(37f) Broadband Light-Responsive Smart Nanocomposites Enabled By Graphene Oxide-Reinforced Shape Memory Polymers

Jiang, P., University of Florida
Leverant, C., University of Florida
Light-responsive shape memory polymers (SMPs) have previously been developed by exploring cyclic photofixing and photocleaving of covalently grafted chromophores induced by long (~ 60 min) ultraviolet light illumination. This slow response speed greatly impedes practical applications of these smart polymeric materials. Here we report a new type of multifunctional nanocomposites that enable instantaneous response to broadband laser illumination.

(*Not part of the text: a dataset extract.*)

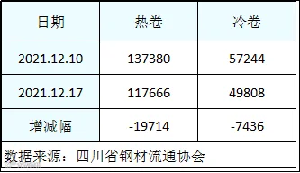 据四川省钢材流通协会统计,本周成都地区样本库房中热卷库存量为117666吨,较上周减少19714吨。冷卷库存量为49808吨,较上周减少7436吨。

Graphene oxide nanoplatelets are blended with a variety of multi-stimuli-responsive shape memory polymers, which exhibit unconventional all-room-temperature shape memory effects. Macroporous graphene oxide-SMP photonic crystal membranes are then fabricated by a templating approach using self-assembled colloidal crystals as structural templates. The periodic macropores are deformed by an evaporation-induced “cold” programming process. Laser illumination can trigger rapid recovery (in seconds) of the memorized 3-D ordered photonic crystal structure of the deformed macropores, leading to strong Bragg diffraction of the incident laser. The basic shape memory mechanisms of these light-responsive nanocomposites have been systematically investigated by mechanical and thermomechanical techniques (e.g., nanoindentation, optical reflection measurements, TGA and DMA tests). This new type of smart nanocomposites could find important applications as protective layers for countering high-energy laser weapons.